== PROBLEM ==
Instruction for the entries that follow: retype exactly the lines from the line with "Popular Article Award>」を受賞" to the line with "作为全球知名的调香师,对古老", both included, and omit all others.

== DATA RECORDS ==
Start of Block

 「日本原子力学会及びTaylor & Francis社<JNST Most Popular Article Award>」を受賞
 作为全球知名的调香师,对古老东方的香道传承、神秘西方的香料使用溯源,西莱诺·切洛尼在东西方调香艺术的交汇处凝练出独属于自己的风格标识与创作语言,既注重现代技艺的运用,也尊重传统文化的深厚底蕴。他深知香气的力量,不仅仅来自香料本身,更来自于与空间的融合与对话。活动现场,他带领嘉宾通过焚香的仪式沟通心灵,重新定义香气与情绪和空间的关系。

End of Block
Start of Block

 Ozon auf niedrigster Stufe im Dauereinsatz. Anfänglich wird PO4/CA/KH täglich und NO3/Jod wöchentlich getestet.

End of Block
Start of Block

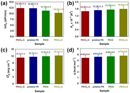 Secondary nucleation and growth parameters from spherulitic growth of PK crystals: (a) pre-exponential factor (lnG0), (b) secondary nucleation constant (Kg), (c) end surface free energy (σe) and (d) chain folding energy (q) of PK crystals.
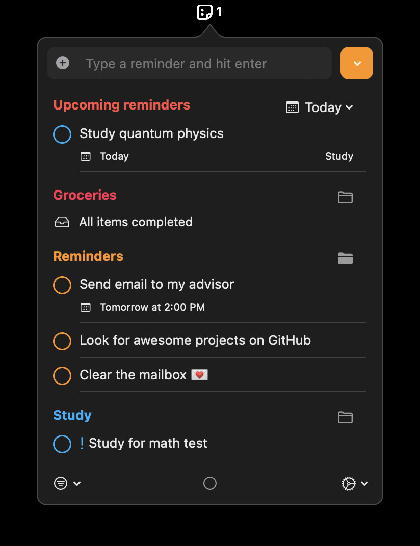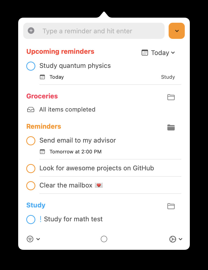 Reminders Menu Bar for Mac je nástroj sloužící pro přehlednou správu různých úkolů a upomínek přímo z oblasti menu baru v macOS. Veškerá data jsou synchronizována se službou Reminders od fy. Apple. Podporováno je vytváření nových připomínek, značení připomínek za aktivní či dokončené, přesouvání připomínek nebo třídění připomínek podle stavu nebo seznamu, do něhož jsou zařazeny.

End of Block

== ANSWER SECTION ==
 「日本原子力学会及びTaylor & Francis社<JNST Most Popular Article Award>」を受賞
 作为全球知名的调香师,对古老东方的香道传承、神秘西方的香料使用溯源,西莱诺·切洛尼在东西方调香艺术的交汇处凝练出独属于自己的风格标识与创作语言,既注重现代技艺的运用,也尊重传统文化的深厚底蕴。他深知香气的力量,不仅仅来自香料本身,更来自于与空间的融合与对话。活动现场,他带领嘉宾通过焚香的仪式沟通心灵,重新定义香气与情绪和空间的关系。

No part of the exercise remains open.